A. A. Dowd, writing for The A.V. Club, gave the film a grade of C+, saying: "Even when the story takes on biblical overtones, the melodrama never blossoms. And in terms of suspense, Gaia doesn't so much tighten the screws as endlessly turn them in the wrong direction." However, he praised the film for relying on prosthetic makeup rather than computer-generated imagery for many of its effects, and added: "there's some uniquely discomforting body horror, as characters scratch at wounds that have sprouted stems, caps, and gills." He concluded: "Gaia might not creep under the skin as insidiously as a hostile fungus, but it should play well to the mental state of anyone with mushrooms on the mind, so to speak."

Sheila O'Malley, writing for RogerEbert.com, gave the film a score of 3 out of 4 stars, saying that the film "has a lot to say about humanity's destruction of the environment … but the film says it with creativity, mad flights of imagination, and even humor" and described it as "a thought-provoking and disturbing experience", praising many of the film's sequences as "very unnerving" and describing the visuals as "extraordinary". She concluded: "The 'message' of Gaia is simple, and yet it's told in a way that complicates and maybe even obscures the message. That's not necessarily a bad thing."

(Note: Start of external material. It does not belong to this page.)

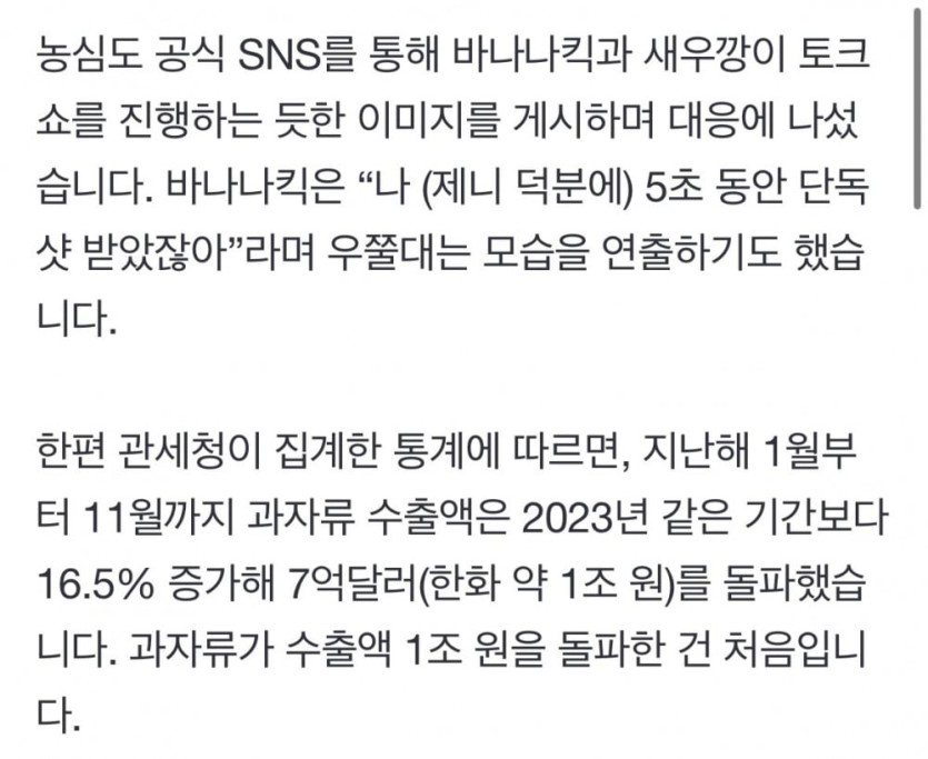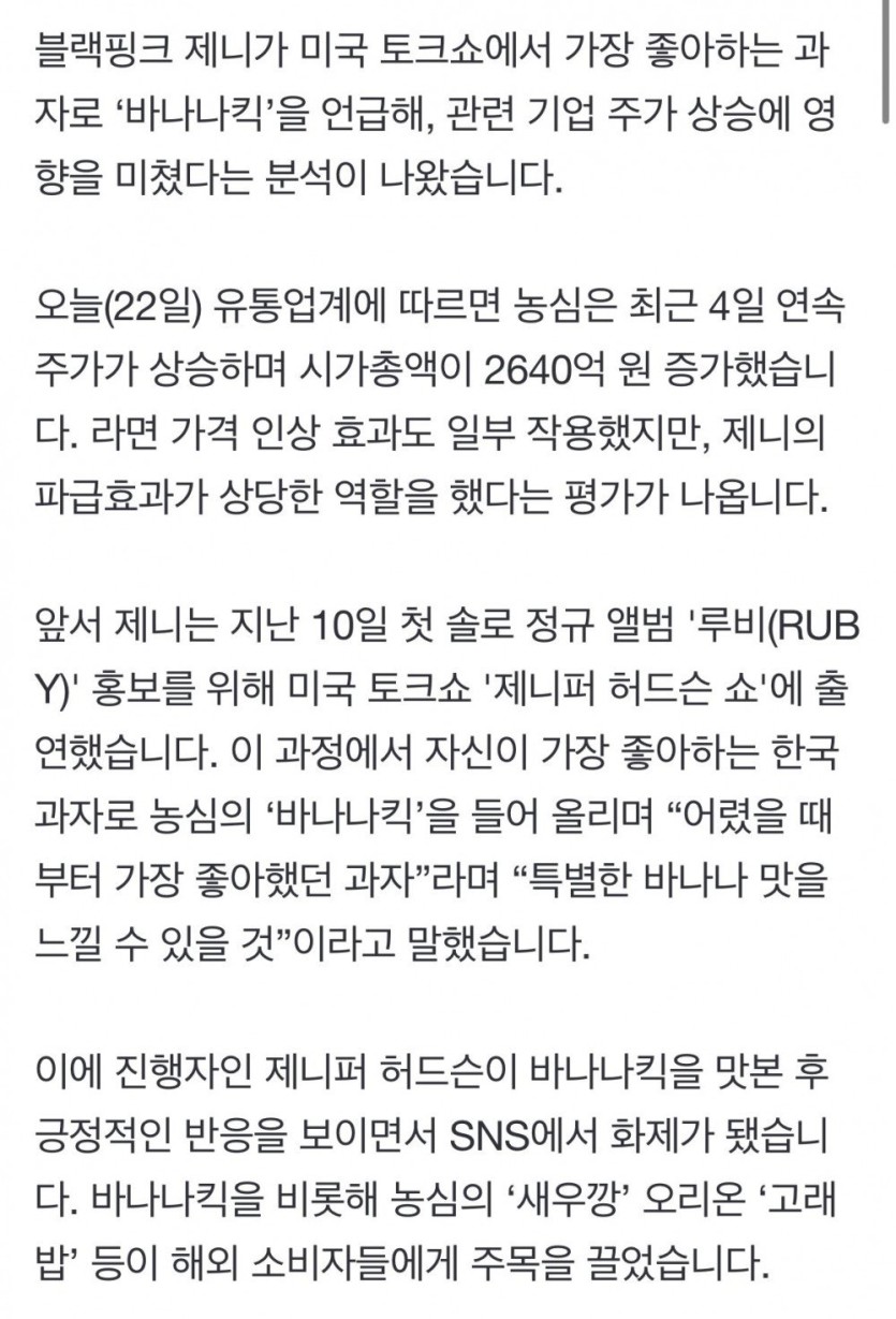 제니 "최애는 바나나킥" 한마디에…시총 2640억 급등 rh1 0 279 0 2025.03.22 19:15 https://naver.me/xq3sAhSs농심조차 인정 ㅋㅋㅋ다음주부터 주식장은 제니매매법 들어간다입만 열어봐라 .. 아주 그냥 풀매수 박는다 제니 "최애는 바나나킥" 한마디에…시총 2640억 급등 0

Wes Greene of Slant Magazine was more critical of the film, giving it a score of 2 out of 4 stars. He wrote: "the film employs an array of techniques, including manipulated footage of natural phenomena and creature makeup effects ... to suggest nature as a source of simultaneous beauty and fear. But after a while, these effects come to feel like mere affectation, as well as this rather aloof film's only source of complexity." Guy Lodge of Variety wrote, "In an elegant fusion of digital and prosthetic artistry, patches of moss burst through skin like a nasty rash; human flesh is aggressively and involuntarily camouflaged by flora. Gaia's resourceful visuals, however, aren't matched by equivalent nimbleness in the writing; after a time, the storytelling feels more anemic than enigmatic."